North Korea is planning its missile strikes using Google Earth satellite images that are six years old, analysts say.
Kim Jong-un was pictured discussing an attack on Guam with his generals last month as an image of Anderson US Air Force Base, which is located on the island, was shown on the wall behind him.
But experts who spoke to Voice of America say the image was taken by Google back in 2011 before several updates to the military base were carried out.
Kim Jong-un was shown planning a missile strike on Guam with an image of Anderson Air Force Base in the background by the state news agency last month
But experts say the picture is a six-year-old image taken from Google Maps, showing that North Korea does not possess the technology to create its own satellite images
The image shown beside Kim has a noticeable a deforested area which now contains a docking area for aircraft, the site reported.
Another building seen in the picture with Kim has since been demolished, while the runways and other tarmac surfaces are significantly different colours now.
Nick Henson, from Stanford University’s Center for International Security and Cooperation, told the site that North Korea seems to be unable to produce its own satellite images and so must take what it can from elsewhere.
The North does claim to have a single satellite in orbit, launched in 2016, though this has never been reliably verified.
North Korea claimed at the time of the launch that the satellite was an observation and weather monitoring craft meant entirely for peaceful purposes.

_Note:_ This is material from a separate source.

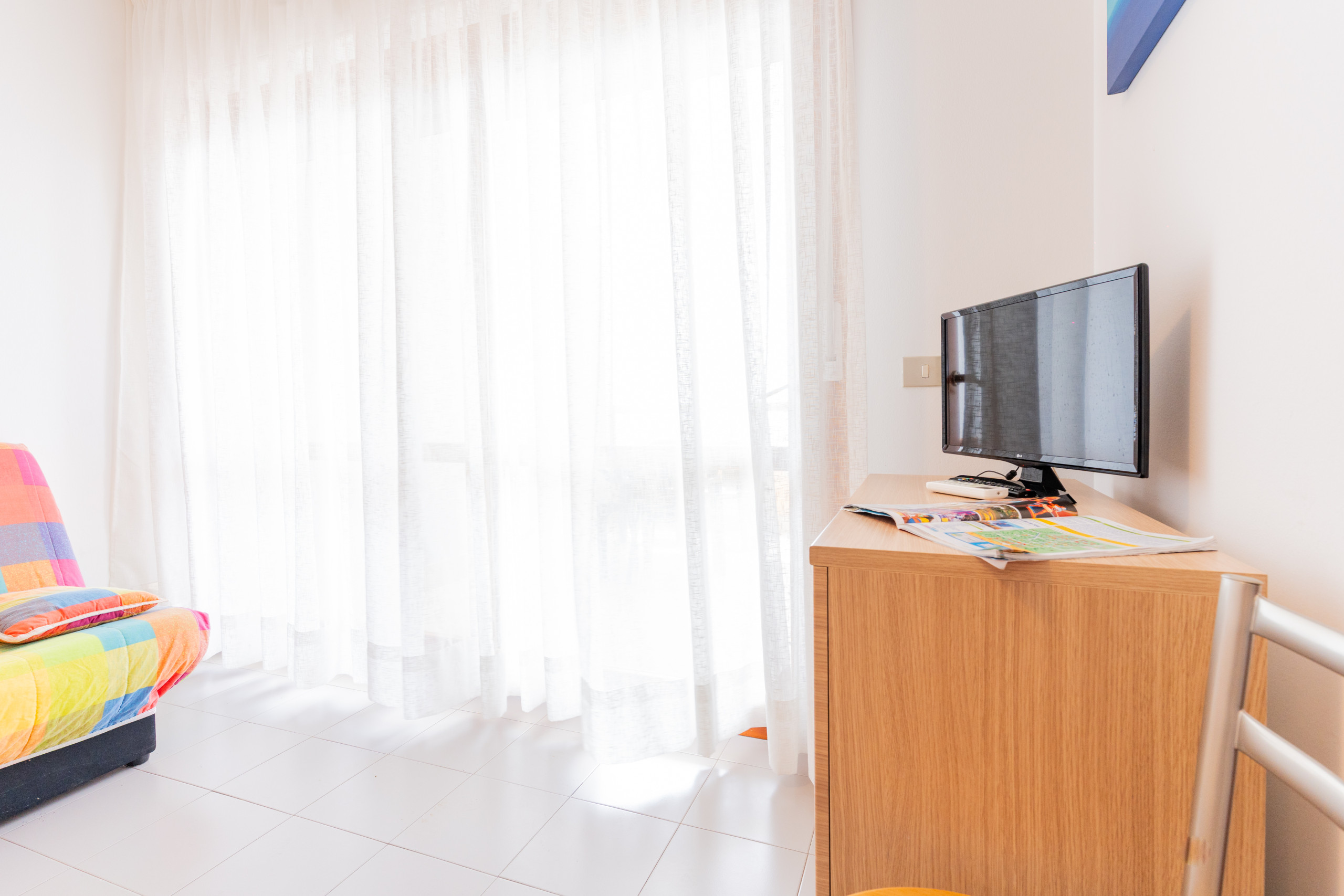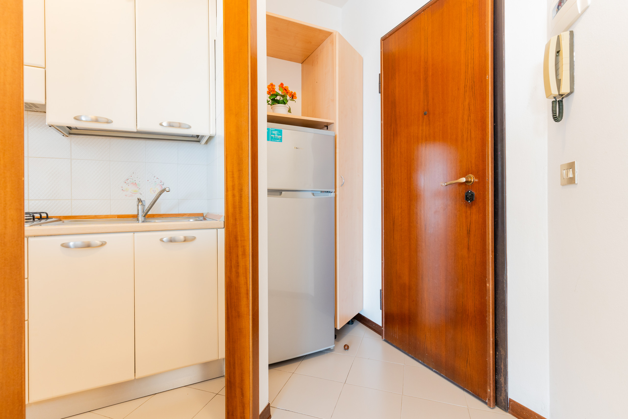 Jede Wohnung verfügt über Klimaanlage, TV, Sicherheitstür und Standkühlschrank, um Ihnen Praktikabilität und Entspannung während des gesamten Aufenthalts zu garantieren.

But the fact that Kim is relying on old Google images could mean the launch was a hoax – likely as a guise for a missile test – or the satellite is unable to function.

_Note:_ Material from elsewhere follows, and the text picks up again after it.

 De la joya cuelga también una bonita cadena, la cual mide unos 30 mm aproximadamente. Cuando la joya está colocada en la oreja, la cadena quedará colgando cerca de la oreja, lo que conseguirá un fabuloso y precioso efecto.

Kim has threatened to strike Guam with its latest Hwasong-14 ICBM, though experts believe the out of date satellite image shows the threat is a hoax
Since the plans to strike Guam were announced, the North has carried out a test of what it claims was a hydrogen nuclear bomb capable of fitting on the missile (pictured)

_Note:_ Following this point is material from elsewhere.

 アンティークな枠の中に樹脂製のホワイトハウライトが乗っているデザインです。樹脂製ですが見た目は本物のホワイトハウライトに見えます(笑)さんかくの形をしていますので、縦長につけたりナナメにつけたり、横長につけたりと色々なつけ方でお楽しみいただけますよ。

Alternately, the threat to attack Guam is an ruse in order to intimidate the international community.
Kim’s military chiefs claim to have drawn up viable attacks plans for a missile strike on Guam, though the country’s state news agency said the dictator has decided to wait before giving the order to attack.
The images of Kim with the map of Guam were shown on Korean Central Television on August 15. Since then the country has carried out two more missile tests, including one that flew over the northern Japanese island of Hokkaido.
Kim’s regime also carried out a sixth nuclear test of what it claimed was a hydrogen bomb on September 3, marking a significant escalation in regional tensions.
A vote on fresh sanctions brought before the UN security council by America is expected to pass today, as the regime warned it is ‘ready and willing to act’ over the tough new measures.
Meanwhile Donald Trump has said Kim is ‘begging for war’ – though stressed that military intervention is not his preferred option.